Badger cache: are we ready?

I see the previous poster’s point…with the big slow nodes, it takes several runs to get a full badger cache and get through a walker. And a windows user reported than he had corrupted badger cache after windows restarts.
It could be nice to protect the work done by splitting it by satellites and by folder so that a corruption doesn’t lose everything and it could be nice if the code said cache is corrupted, so regenerate, rather than crash…
I think that while it is experimental and optional it is ok but there are some good points here?

5 Likes

This need to be investigated.

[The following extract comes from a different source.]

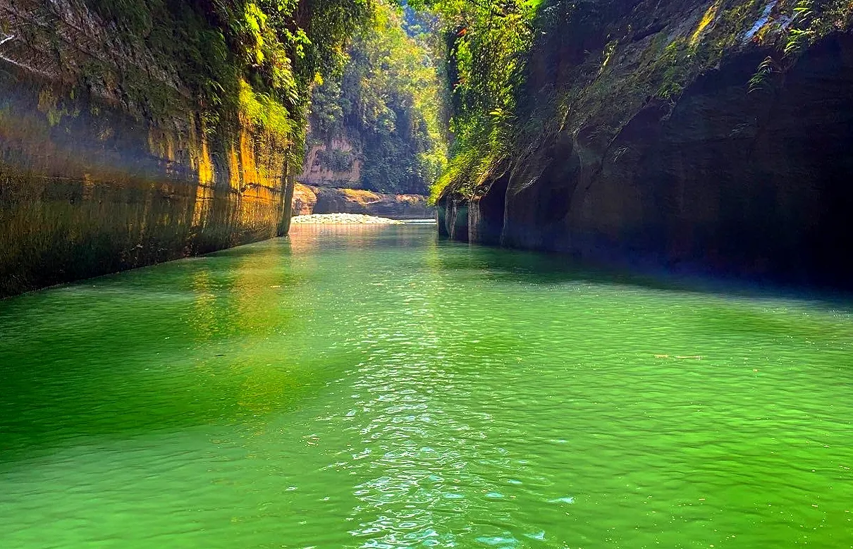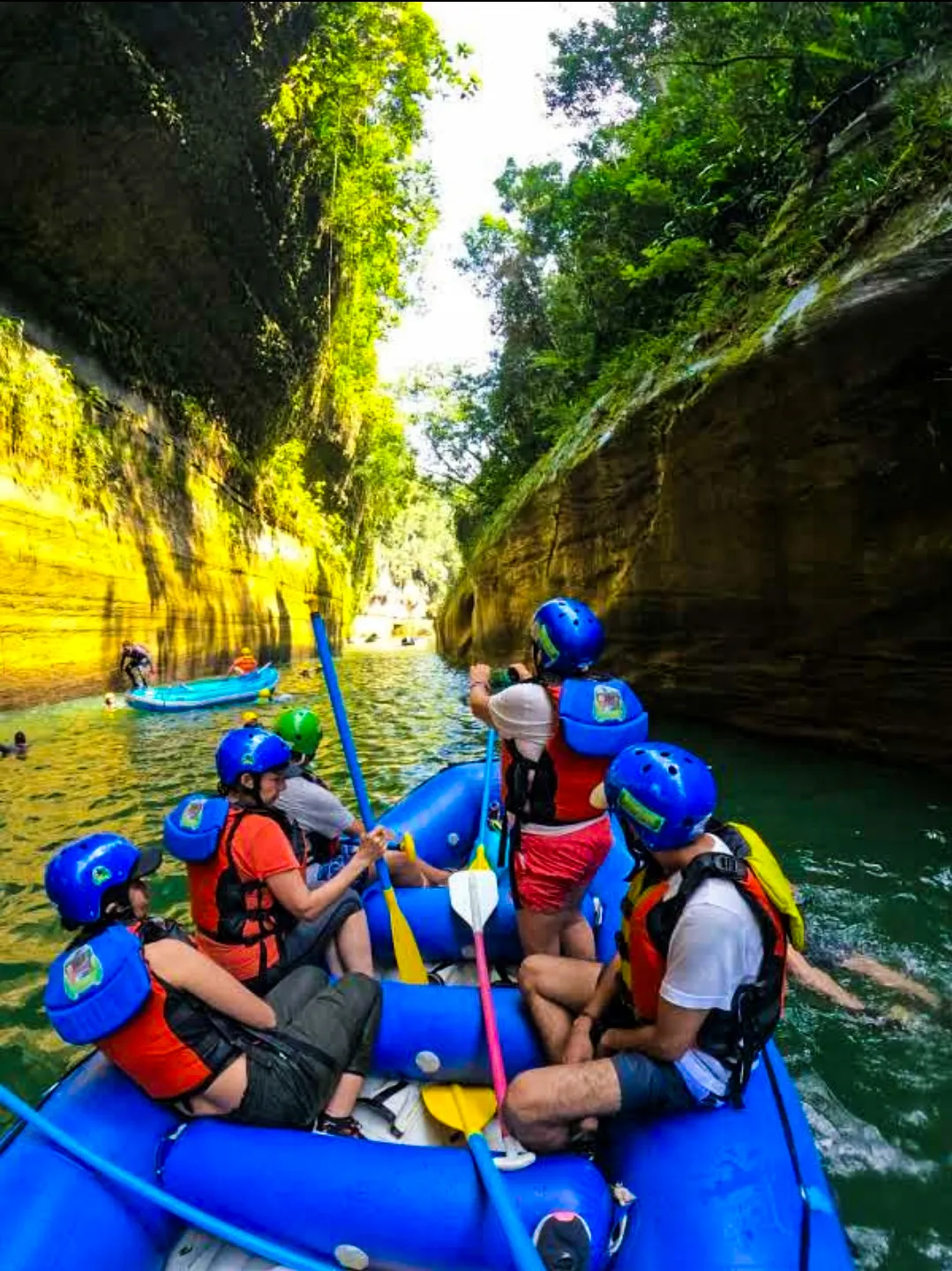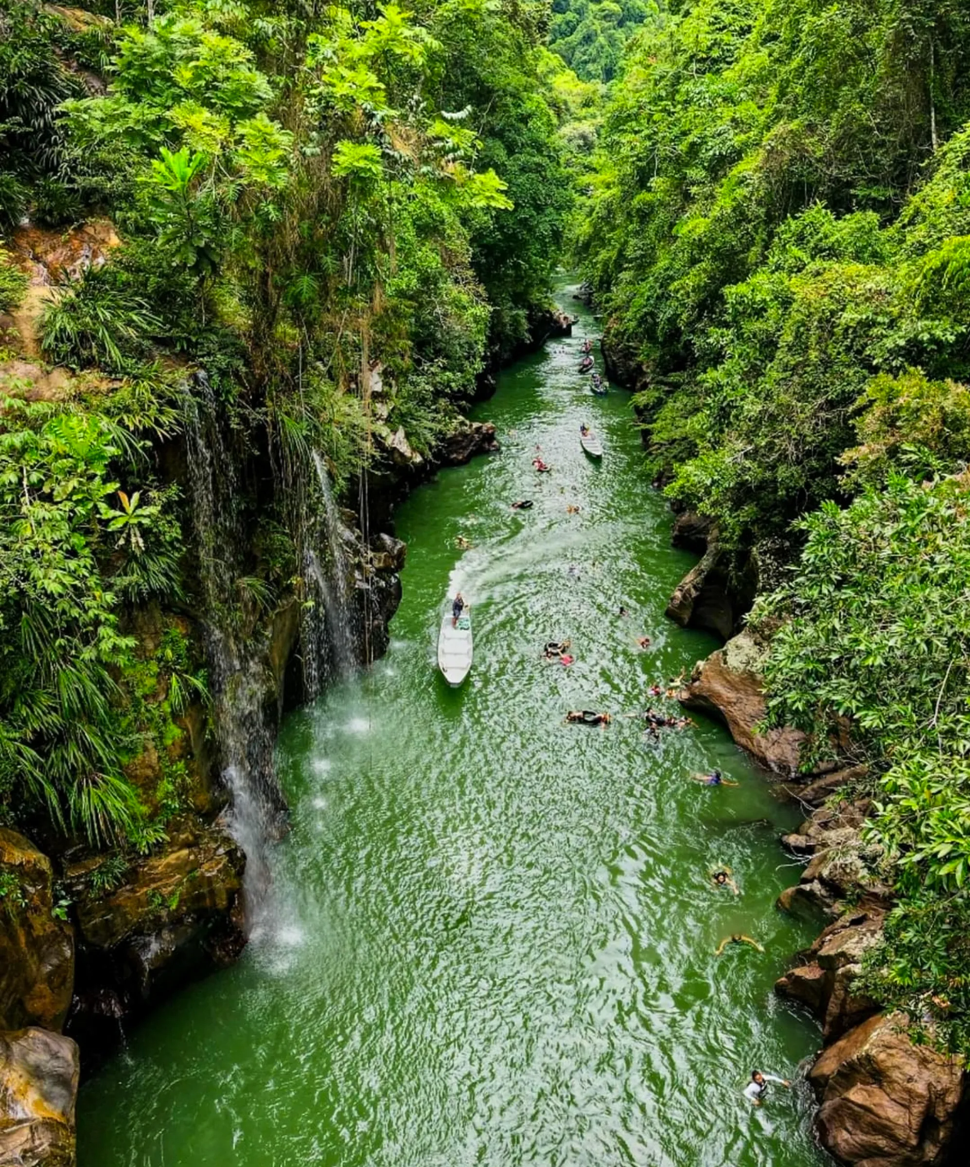 La travesía abarca 18 kilómetros de recorrido en botes de rafting por el paradisíaco corazón de la Serranía de la Macarena, un escenario natural completamente selvático donde se encuentran rocas milenarias que forman parte del Escudo Guayanés, una de las formaciones rocosas más antiguas del planeta. Durante el trayecto se pueden avistar más de 13 cascadas que nutren el río, convirtiendo esta experiencia en algo único.

I wouldn’t expect it to be corrupted due to a normal restart.

By the way, I accidentally found a solution for the docker node when the badger cache is enabled: you shouldn’t enable the badger cache in the config.yaml file, you need to use a command line option

after the image name, so when you exec the key issue command in the docker container, it didn’t try to lock a filecache, because it’s not enabled in the config.
This also explains why it works for my Docker node :joy: , because I enabled it exactly like that, because it’s more convenient if you use a docker compose:

services:                                                                                      (3/3 results) [1190/2149]
  storagenode2:
    container_name: storagenode2
    restart: always
    stop_grace_period: 300s
    image: storjlabs/storagenode:latest
...
    command:
      - --pieces.enable-lazy-filewalker=false
      - --pieces.file-stat-cache=badger
    #   - --healthcheck.details=true
    #   - "--operator.wallet-features=zksync"
1 Like

Since I use commands, can you check if I wrote the commands correctly? The -p and -e parts have been omitted.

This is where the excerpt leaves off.